Precalculus, Chapter 7, 7.4, Section 7.4, Problem 41

You need to decompose the fraction in simple irreducible fractions, such that:
(8x-12)/(x^2(x^2+2)^2) = A/x + B/(x^2) + (Cx+D)/(x^2+2) + (Ex+F)/((x^2+2)^2)

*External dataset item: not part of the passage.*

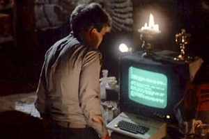 Stanley effectue ainsi une messe noire avec des objets anciens pour invoquer les forces du mal. Jusque-là, on est dans du classique. Sauf que pour correspondre avec le démon, il se sert d’un vieil ordinateur dont le fond d’écran est verdâtre. On voit bien qu’en cette année 1981 on en est à la préhistoire des ordinateurs et cette vieille machine fait franchement datée ! Tout cela donne un côté bien kitsch à Messe noire. Mais cela est plutôt amusant.

You need to bring to the same denominator all fractions, such that:
8x - 12 = Ax(x^2+2)^2 + B(x^2+2)^2 + (Cx+D)*x^2*(x^2+2) + (Ex+F)*x^2
8x - 12 = Ax(x^4 + 4x^2 + 4) + Bx^4 + 4Bx^2 + 4B + (Cx^3 + Dx^2)*(x^2+2) + Ex^3 + Fx^2
8x - 12 = Ax^5 + 4Ax^3 + 4Ax + Bx^4 + 4Bx^2 + 4B + Cx^5 + 2Cx^3 + Dx^4 + 2Dx^2 + Ex^3 + Fx^2
You need to group the terms having the same power of x:
8x - 12 = x^5(A + C) + x^4(B+D) + x^3(4A + 2C + E) + x^2(4B + 2D + F) + x(4A) + + 4B
Comparing the expressions both sides yields:
A + C = 0 => A =-C
B+D = 0 => B = - D
4A + 2C + E = 0 => 2A + E = 0 => E = -2A
4B + 2D + F = 0 => F = -2D
4A = 8 => A = 2 => C = -2 => E = -4
4B=-12 => B = -3 => D = 3 => F = -6
Hence, decomposing the fraction, yields (8x-12)/(x^2(x^2+2)^2) = 2/x- 3/(x^2) + (-2x+3)/(x^2+2) + (-4x-6)/((x^2+2)^2).